◆ **Directions**
Look below for the line containing "专题十一 概率与统计第三十四讲 古典概型与几何概型(含答案)" and the line containing "300-400г. ароматной клубники, кустовая"; repeat exactly those two lines and all lines between them, and nothing else.

◆ **Exercise input**
*** Block opens ***
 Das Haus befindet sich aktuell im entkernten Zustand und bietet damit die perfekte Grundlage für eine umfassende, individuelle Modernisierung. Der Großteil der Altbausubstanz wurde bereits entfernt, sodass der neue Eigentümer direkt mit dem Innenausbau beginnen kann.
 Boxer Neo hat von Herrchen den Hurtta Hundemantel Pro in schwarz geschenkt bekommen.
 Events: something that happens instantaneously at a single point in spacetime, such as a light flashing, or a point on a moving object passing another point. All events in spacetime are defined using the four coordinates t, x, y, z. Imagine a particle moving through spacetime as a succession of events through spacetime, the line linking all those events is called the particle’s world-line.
*** Block closes ***
*** Block opens ***
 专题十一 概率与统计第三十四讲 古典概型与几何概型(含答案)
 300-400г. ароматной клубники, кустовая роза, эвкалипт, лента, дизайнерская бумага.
*** Block closes ***
◆ **Output for this exercise**
 专题十一 概率与统计第三十四讲 古典概型与几何概型(含答案)
 300-400г. ароматной клубники, кустовая роза, эвкалипт, лента, дизайнерская бумага.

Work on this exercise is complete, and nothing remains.